● **Assignment**
Print only the lines from the one with "Autumn Street Stroll" through the end of the data, exactly, and please omit pictures.

● **Supplied data**
Segment Open

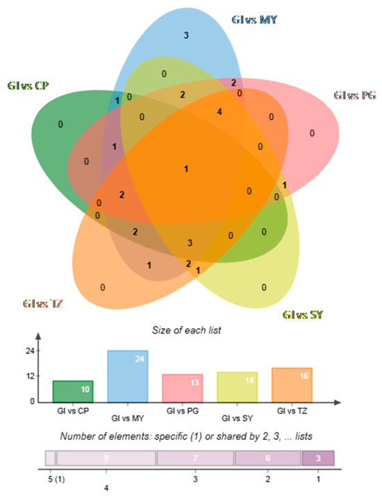 Differential metabolites were identified using VIP (VIP > 1) and absolute log2FC (|log2FC| ≥ 1.0). Overall, 35 differential volatile compounds (32 upregulated and three downregulated) were identified between GI and CP; 40 differential volatile compounds (31 upregulated and nine downregulated) between GI and MY; 31 differential volatile compounds (10 upregulated and 21 downregulated) between GI and PG; 50 differential volatile compounds (39 upregulated and 11 downregulated) between GI and SY; and 18 differential volatile compounds (four upregulated and 14 downregulated) between GI and TZ. Furthermore, the differential volatile compounds were ranked to effectively understand the changes in the major differential volatile compounds between GI and non-GI strawberries (Figure S4). The major differential volatile compounds in GI strawberries were esters and ketones. Finally, the Wenn plot (Figure 2) displayed the relationship between differential volatile compounds in each group. This demonstrated that isoamyl butyrate and trans-2-octen-1-ol could be used as characteristic markers of GI strawberries.
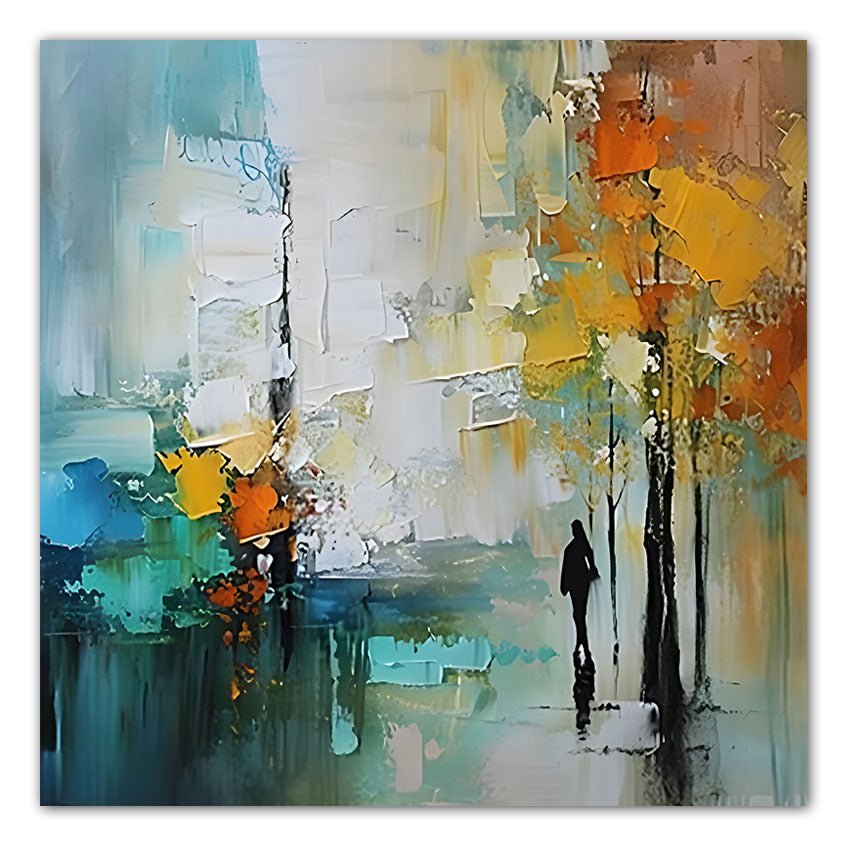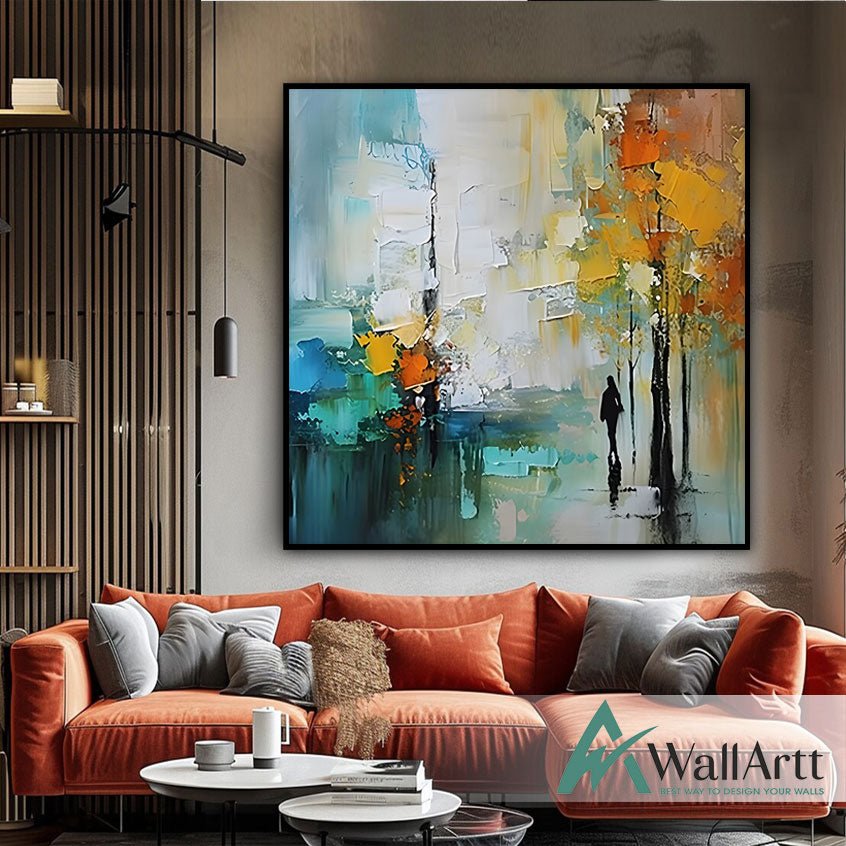 Autumn Street Stroll 3d Heavy Textured Partial Oil Painting
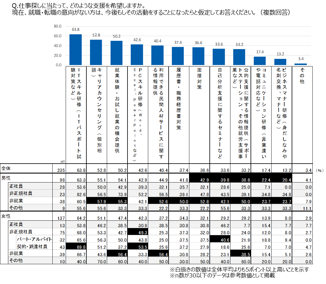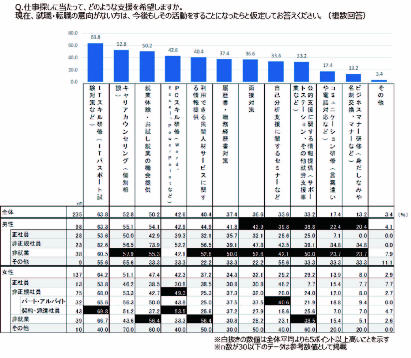 全体と比較すると、男性の非就業者では複数の支援を希望する傾向があり、女性の非正規社員ではPCスキル研修、非就業者では就業体験や情報提供のニーズが目立ち、それぞれの希望に合わせた就労支援の実施が望まれる。
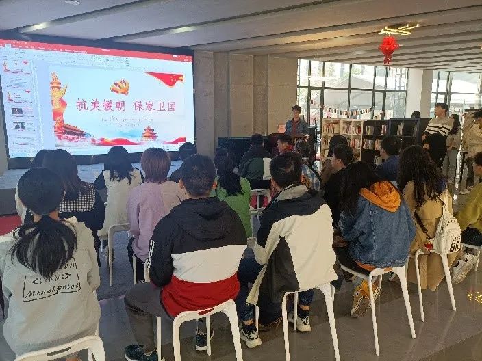研究生第五党支部的吕宇航同学从抗美援朝战争的战前背景开始讲起,详细介绍了抗美援朝战争中的主要历史事件、从中涌现出的英雄人物以及抗美援朝胜利的历史意义,并带领我们学习了这段历史中体现出的可贵的爱国主义精神。

Segment Closed

● **Result of this exercise**
 Autumn Street Stroll 3d Heavy Textured Partial Oil Painting
 全体と比較すると、男性の非就業者では複数の支援を希望する傾向があり、女性の非正規社員ではPCスキル研修、非就業者では就業体験や情報提供のニーズが目立ち、それぞれの希望に合わせた就労支援の実施が望まれる。
研究生第五党支部的吕宇航同学从抗美援朝战争的战前背景开始讲起,详细介绍了抗美援朝战争中的主要历史事件、从中涌现出的英雄人物以及抗美援朝胜利的历史意义,并带领我们学习了这段历史中体现出的可贵的爱国主义精神。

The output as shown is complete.